::: Source material :::
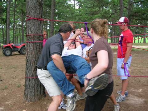 Josh Looney is passed by his group through the “poisonous” spider web. |
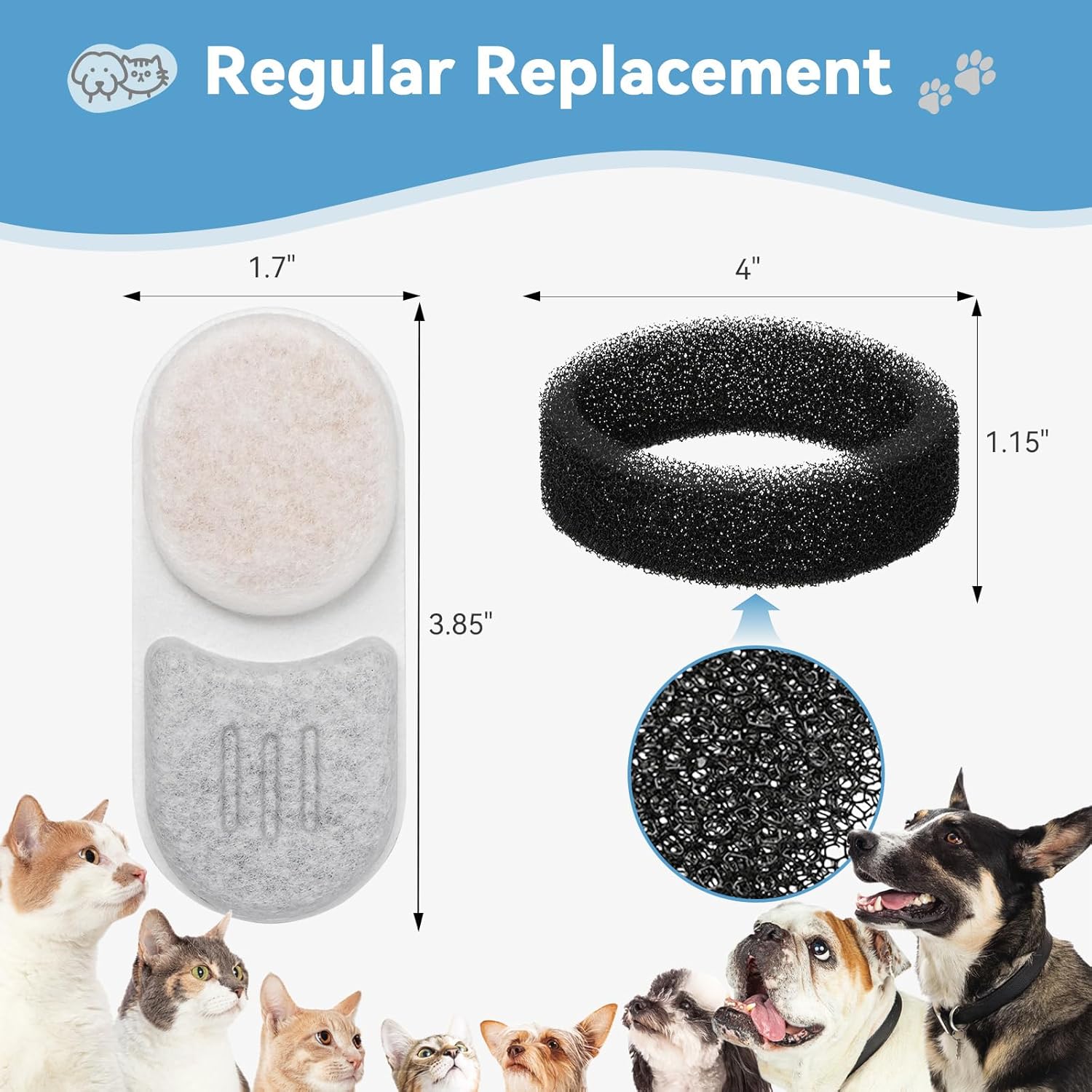 【24/7 Support】 You will receive a box containing 12 water filters and 12 sponges as a replacement pack. And contact us anytime for product guidance or replacement assistance; we resolve issues promptly to keep your pet’s fountain running smoothly.
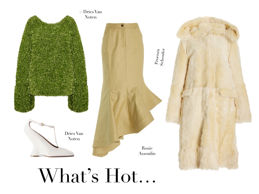 What’s Hot (15.11.24) November 15, 2024November 10, 2024 | Design & Culture by Ed Dries Van Noten Oversized Metallic Appliquéd Knitted SweaterProenza Schouler Fiona Hooded Paneled Shearling CoatDries Van Noten Leather Mary Jane Wedge PumpsStudio 189 Cotton Ruffled Midi Pencil Skirt
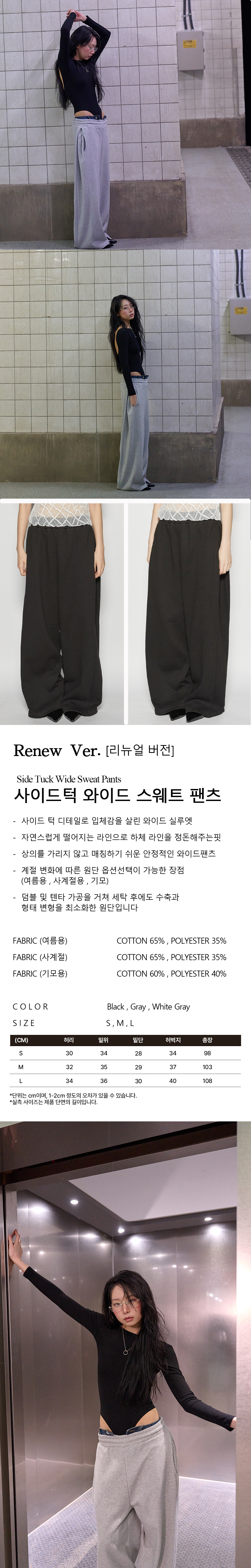 (Renew Ver.)사이드턱 스웨트 와이드 팬츠_3color
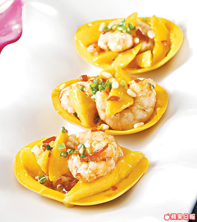 做法:蝦仁洗淨跟醃料拌勻;炒香蒜片/紅椒/亁辣椒,加入蝦仁,灒酒加調味/松子仁/芒果炒勻,用芒果皮盛載。
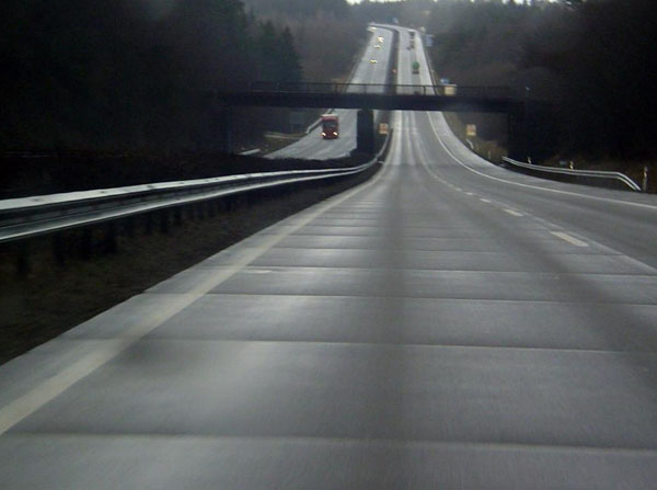 Bei Feuchtigkeit sieht man gut die Fahrbahnplatten
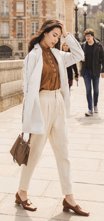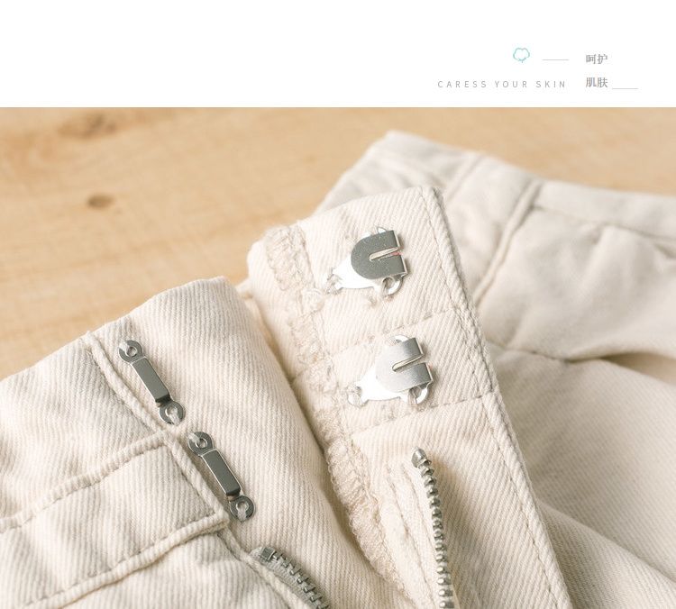 茵曼秋装新款全棉休闲文艺高腰百搭哈伦小脚米白色牛仔裤女【1893161276】 米白色
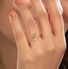 This Moissanite Engagement Ring is a stunning piece of women's jewelry, featuring a beautiful floral design with a round white Moissanite as the main stone. The ring is 18K Yellow Gold plated over Sterling Silver, with a band style and prong setting. It is adjustable and can be engraved, making it a perfect gift for various occasions such as engagement, weddings, anniversaries, and birthdays. The ring is stylish, elegant, and perfect for adding a touch of beauty to any outfit. Made in India, it comes with a seller warranty and wholesale availability.
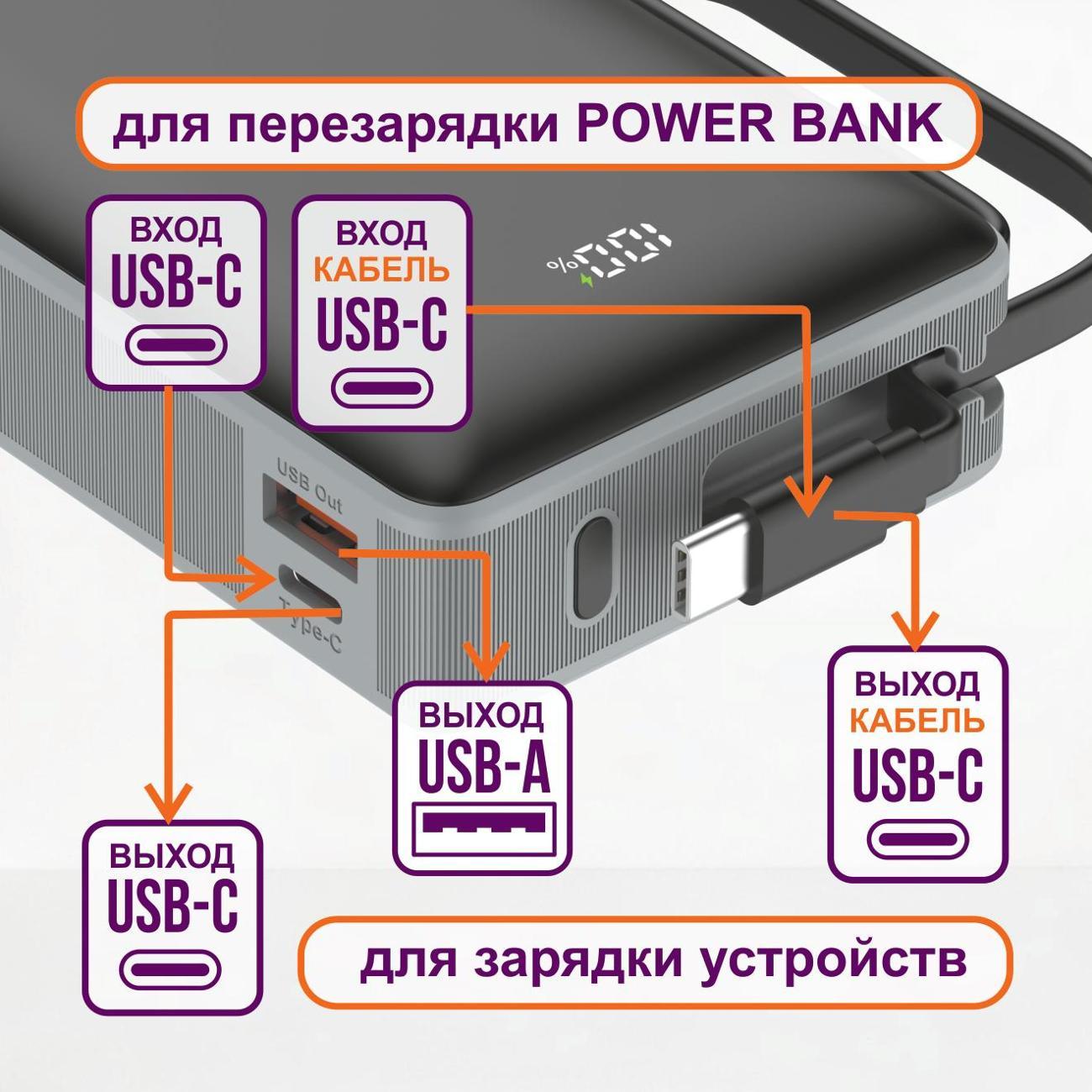 Порт USB Type-C с поддержкой технологии Power Delivery выдает до 65 Вт, что дает возможность полноценно эксплуатировать ультрабуки и MacBook без подключения к розетке. Прибор автоматически подбирает оптимальные параметры тока для быстрой зарядки.
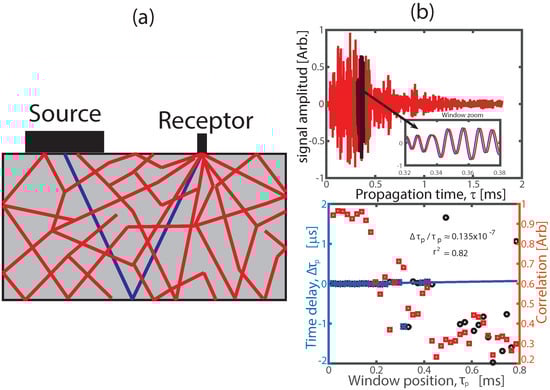 CWI technique. (a) Schematic diagram showing the principle of the CWI technique with a coda wave source and a small receptor. The coherent pulse is shown in blue while the diffuse waves are shown in red. (b) Sound speed estimation by fitting the filtered curve against (blue). In Figure 2b above, two consecutive coda signals are shown and in the inset it is highlighted the time-shift of a specific window (black). In Figure 2b below it is shown the against (blue and black) and (red), which is used as a filter to select the good estimates (blue).
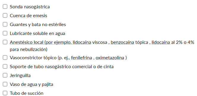 - Anestesiar las fosas nasales, la nasofaringe y la orofaringe con anestesia local (p. ej., lidocaína nebulizada , benzocaína , gel de lidocaína ).
:::
Your task: The required output is a verbatim repetition of the lines from the opening of the entries above through the line containing "茵曼秋装新款全棉休闲文艺高腰", inclusive, with no pictures and nothing else.

Solution to this task:
 Josh Looney is passed by his group through the “poisonous” spider web. |
 【24/7 Support】 You will receive a box containing 12 water filters and 12 sponges as a replacement pack. And contact us anytime for product guidance or replacement assistance; we resolve issues promptly to keep your pet’s fountain running smoothly.
 What’s Hot (15.11.24) November 15, 2024November 10, 2024 | Design & Culture by Ed Dries Van Noten Oversized Metallic Appliquéd Knitted SweaterProenza Schouler Fiona Hooded Paneled Shearling CoatDries Van Noten Leather Mary Jane Wedge PumpsStudio 189 Cotton Ruffled Midi Pencil Skirt
 (Renew Ver.)사이드턱 스웨트 와이드 팬츠_3color
 做法:蝦仁洗淨跟醃料拌勻;炒香蒜片/紅椒/亁辣椒,加入蝦仁,灒酒加調味/松子仁/芒果炒勻,用芒果皮盛載。
 Bei Feuchtigkeit sieht man gut die Fahrbahnplatten
 茵曼秋装新款全棉休闲文艺高腰百搭哈伦小脚米白色牛仔裤女【1893161276】 米白色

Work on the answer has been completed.